■ **Records provided**:
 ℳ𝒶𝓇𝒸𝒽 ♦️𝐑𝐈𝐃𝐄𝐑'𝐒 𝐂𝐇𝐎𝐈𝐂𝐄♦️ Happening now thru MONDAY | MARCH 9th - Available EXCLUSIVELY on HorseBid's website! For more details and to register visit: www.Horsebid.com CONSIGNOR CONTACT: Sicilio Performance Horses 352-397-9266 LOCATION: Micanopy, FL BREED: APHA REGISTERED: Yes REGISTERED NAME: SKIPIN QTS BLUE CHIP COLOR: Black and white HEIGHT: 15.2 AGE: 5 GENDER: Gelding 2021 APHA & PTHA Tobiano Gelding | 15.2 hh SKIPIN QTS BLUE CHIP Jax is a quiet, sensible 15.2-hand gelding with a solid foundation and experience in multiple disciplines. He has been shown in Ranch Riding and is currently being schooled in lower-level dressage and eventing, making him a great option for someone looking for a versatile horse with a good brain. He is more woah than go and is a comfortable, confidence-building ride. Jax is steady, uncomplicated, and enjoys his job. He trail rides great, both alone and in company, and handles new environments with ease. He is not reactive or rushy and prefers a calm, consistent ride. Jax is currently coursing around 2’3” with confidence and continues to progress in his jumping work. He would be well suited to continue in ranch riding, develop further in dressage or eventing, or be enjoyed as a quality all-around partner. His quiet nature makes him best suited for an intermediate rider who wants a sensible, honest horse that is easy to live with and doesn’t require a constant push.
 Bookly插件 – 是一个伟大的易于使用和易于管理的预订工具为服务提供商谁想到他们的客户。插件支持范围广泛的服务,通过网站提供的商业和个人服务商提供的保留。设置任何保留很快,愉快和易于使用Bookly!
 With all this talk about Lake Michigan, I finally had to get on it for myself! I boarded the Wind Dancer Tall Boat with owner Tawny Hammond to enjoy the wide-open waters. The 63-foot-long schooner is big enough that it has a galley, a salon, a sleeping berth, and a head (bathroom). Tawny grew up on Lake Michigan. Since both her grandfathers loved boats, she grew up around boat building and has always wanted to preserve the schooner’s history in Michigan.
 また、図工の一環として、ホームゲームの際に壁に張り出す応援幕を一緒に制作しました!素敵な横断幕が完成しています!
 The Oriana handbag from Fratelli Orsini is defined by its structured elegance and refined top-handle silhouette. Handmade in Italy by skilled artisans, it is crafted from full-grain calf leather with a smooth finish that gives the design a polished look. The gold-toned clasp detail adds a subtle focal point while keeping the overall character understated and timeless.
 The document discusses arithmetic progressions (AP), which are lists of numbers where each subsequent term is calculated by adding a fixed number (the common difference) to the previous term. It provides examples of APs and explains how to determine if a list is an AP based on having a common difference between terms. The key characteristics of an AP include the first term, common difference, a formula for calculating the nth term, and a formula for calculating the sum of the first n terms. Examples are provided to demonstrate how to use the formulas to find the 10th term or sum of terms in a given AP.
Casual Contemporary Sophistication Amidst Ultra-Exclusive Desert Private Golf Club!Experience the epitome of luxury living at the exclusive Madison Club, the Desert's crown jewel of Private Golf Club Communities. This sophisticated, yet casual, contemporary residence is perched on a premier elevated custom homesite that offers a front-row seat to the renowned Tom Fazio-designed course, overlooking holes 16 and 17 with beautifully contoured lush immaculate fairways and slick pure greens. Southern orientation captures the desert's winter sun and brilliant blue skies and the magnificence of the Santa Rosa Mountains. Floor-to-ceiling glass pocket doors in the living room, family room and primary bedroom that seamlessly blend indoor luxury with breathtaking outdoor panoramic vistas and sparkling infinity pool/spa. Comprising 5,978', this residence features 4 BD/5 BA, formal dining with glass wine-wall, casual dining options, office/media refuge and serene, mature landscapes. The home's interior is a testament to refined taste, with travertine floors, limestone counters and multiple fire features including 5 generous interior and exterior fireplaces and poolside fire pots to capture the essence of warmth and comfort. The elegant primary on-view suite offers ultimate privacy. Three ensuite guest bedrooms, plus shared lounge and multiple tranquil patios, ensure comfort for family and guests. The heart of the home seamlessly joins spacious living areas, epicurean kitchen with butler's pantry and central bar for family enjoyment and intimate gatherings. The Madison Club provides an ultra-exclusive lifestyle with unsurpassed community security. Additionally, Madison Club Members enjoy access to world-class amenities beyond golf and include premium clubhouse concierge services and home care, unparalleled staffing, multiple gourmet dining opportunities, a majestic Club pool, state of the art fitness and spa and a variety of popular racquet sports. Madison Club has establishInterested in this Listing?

■ **Required work**:
Produce the whole listing again, exactly as it reads above.

■ **Exercise output**:
 ℳ𝒶𝓇𝒸𝒽 ♦️𝐑𝐈𝐃𝐄𝐑'𝐒 𝐂𝐇𝐎𝐈𝐂𝐄♦️ Happening now thru MONDAY | MARCH 9th - Available EXCLUSIVELY on HorseBid's website! For more details and to register visit: www.Horsebid.com CONSIGNOR CONTACT: Sicilio Performance Horses 352-397-9266 LOCATION: Micanopy, FL BREED: APHA REGISTERED: Yes REGISTERED NAME: SKIPIN QTS BLUE CHIP COLOR: Black and white HEIGHT: 15.2 AGE: 5 GENDER: Gelding 2021 APHA & PTHA Tobiano Gelding | 15.2 hh SKIPIN QTS BLUE CHIP Jax is a quiet, sensible 15.2-hand gelding with a solid foundation and experience in multiple disciplines. He has been shown in Ranch Riding and is currently being schooled in lower-level dressage and eventing, making him a great option for someone looking for a versatile horse with a good brain. He is more woah than go and is a comfortable, confidence-building ride. Jax is steady, uncomplicated, and enjoys his job. He trail rides great, both alone and in company, and handles new environments with ease. He is not reactive or rushy and prefers a calm, consistent ride. Jax is currently coursing around 2’3” with confidence and continues to progress in his jumping work. He would be well suited to continue in ranch riding, develop further in dressage or eventing, or be enjoyed as a quality all-around partner. His quiet nature makes him best suited for an intermediate rider who wants a sensible, honest horse that is easy to live with and doesn’t require a constant push.
 Bookly插件 – 是一个伟大的易于使用和易于管理的预订工具为服务提供商谁想到他们的客户。插件支持范围广泛的服务,通过网站提供的商业和个人服务商提供的保留。设置任何保留很快,愉快和易于使用Bookly!
 With all this talk about Lake Michigan, I finally had to get on it for myself! I boarded the Wind Dancer Tall Boat with owner Tawny Hammond to enjoy the wide-open waters. The 63-foot-long schooner is big enough that it has a galley, a salon, a sleeping berth, and a head (bathroom). Tawny grew up on Lake Michigan. Since both her grandfathers loved boats, she grew up around boat building and has always wanted to preserve the schooner’s history in Michigan.
 また、図工の一環として、ホームゲームの際に壁に張り出す応援幕を一緒に制作しました!素敵な横断幕が完成しています!
 The Oriana handbag from Fratelli Orsini is defined by its structured elegance and refined top-handle silhouette. Handmade in Italy by skilled artisans, it is crafted from full-grain calf leather with a smooth finish that gives the design a polished look. The gold-toned clasp detail adds a subtle focal point while keeping the overall character understated and timeless.
 The document discusses arithmetic progressions (AP), which are lists of numbers where each subsequent term is calculated by adding a fixed number (the common difference) to the previous term. It provides examples of APs and explains how to determine if a list is an AP based on having a common difference between terms. The key characteristics of an AP include the first term, common difference, a formula for calculating the nth term, and a formula for calculating the sum of the first n terms. Examples are provided to demonstrate how to use the formulas to find the 10th term or sum of terms in a given AP.
Casual Contemporary Sophistication Amidst Ultra-Exclusive Desert Private Golf Club!Experience the epitome of luxury living at the exclusive Madison Club, the Desert's crown jewel of Private Golf Club Communities. This sophisticated, yet casual, contemporary residence is perched on a premier elevated custom homesite that offers a front-row seat to the renowned Tom Fazio-designed course, overlooking holes 16 and 17 with beautifully contoured lush immaculate fairways and slick pure greens. Southern orientation captures the desert's winter sun and brilliant blue skies and the magnificence of the Santa Rosa Mountains. Floor-to-ceiling glass pocket doors in the living room, family room and primary bedroom that seamlessly blend indoor luxury with breathtaking outdoor panoramic vistas and sparkling infinity pool/spa. Comprising 5,978', this residence features 4 BD/5 BA, formal dining with glass wine-wall, casual dining options, office/media refuge and serene, mature landscapes. The home's interior is a testament to refined taste, with travertine floors, limestone counters and multiple fire features including 5 generous interior and exterior fireplaces and poolside fire pots to capture the essence of warmth and comfort. The elegant primary on-view suite offers ultimate privacy. Three ensuite guest bedrooms, plus shared lounge and multiple tranquil patios, ensure comfort for family and guests. The heart of the home seamlessly joins spacious living areas, epicurean kitchen with butler's pantry and central bar for family enjoyment and intimate gatherings. The Madison Club provides an ultra-exclusive lifestyle with unsurpassed community security. Additionally, Madison Club Members enjoy access to world-class amenities beyond golf and include premium clubhouse concierge services and home care, unparalleled staffing, multiple gourmet dining opportunities, a majestic Club pool, state of the art fitness and spa and a variety of popular racquet sports. Madison Club has establishInterested in this Listing?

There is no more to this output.